When I was a young boy attempting to grow up in Los Angeles, I had the benefit of a public school education. At the time scholastic achievement was measured not just in academic terms, but in artistic ones as well. For example, my high school had three choruses, two bands, and an orchestra. We also had a composer in residence, who happened to be Peter Schickele. If you played in the band, you did not have to attend Phys. Ed. class. Musical activities took place during regular school hours, not before or after.
All that has changed. There are very few public education institutions that offer the broad-based artistic initiatives of which I was the beneficiary almost fifty years ago. Why did this happen? It would be easy to politicize the matter. Certainly the “race to space” made a difference, athletics took up a great deal of a school’s budget, and there was a growing emphasis on requirements for entering college. All of that is well and good, but we lost something important along the way.
No culture survives without its artistic heritage preserved and documented. The arts in general, and music in particular, are simply another form of history. They document through words, pictures, and sound how one aspect of civilization measures its growth. Music more than the other arts adds the abstract. Not only does it provide a connection to what came before, it opens doors to what is to come. There is a liberating spirit that allows a child’s imagination to flourish. No one can tell another person about the “meaning” of music.
In this age of music videos, we’ve come to rely too heavily on the visual and have lost track of the aural. The comedian Louis Black has observed that, if you hear a song and all that comes to mind is the video presentation that you might have seen on television, you should kill yourself. Perhaps that is overstating it, but certainly it is the imagination of the young person that needs to be stirred.
Along with that, an understanding of the discipline that goes in to any given musical composition provides a basis of understanding a simple principle; you have to know the rules before you can break them.
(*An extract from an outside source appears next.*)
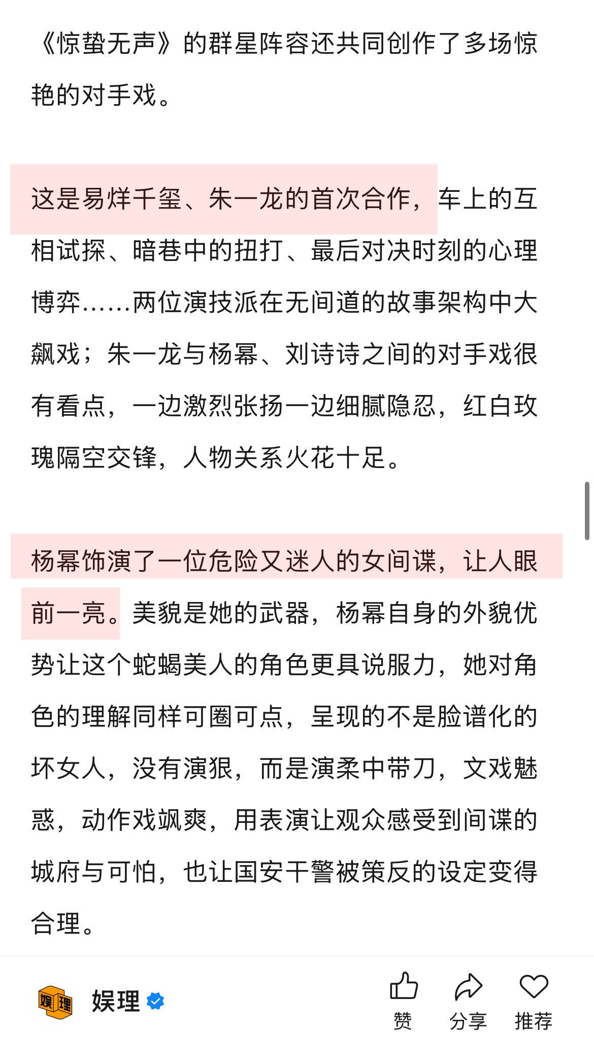 易烊千玺朱一龙撑起了惊蛰无声75岁张艺谋正是创新的年纪 杨幂在《惊蛰无声》中的角色,让人眼前一亮。美貌是她的武器,杨幂自身的外貌优势让这个蛇蝎美人的角色更具说服力,她对角色的理解同样可圈可点,呈现的不是脸谱化的坏女人,没有演狠,而是演柔中带刀,文戏魅惑,动作戏飒爽,用表演让观众感受到间谍的城府与可怕…春节档马上有戏↓

At the youngest ages, children are sponges. All of us need to give them every opportunity to understand the value of the musical art.
There is nothing quite like the sight of seventy or more musicians working together to create beautiful music.I can think of few institutions that are as well qualified to express their art in both words and sounds.These days musicians who enter the orchestral work force are well versed in all kinds of diverse styles.Whether as individuals or collectively, the orchestral musician is in a unique position to educate and enrich the young person’s mind.
These days when I go back to Los Angeles, every so often I encounter a person from my school days. Some have become lawyers, scientists, a musician or two, and a few have already retired, but all of them talk about their years of musical training in the public school system. The impact cannot be underestimated. Let us hope that the young people of the next generation have the same opportunities to experience the joys and pleasures of great music.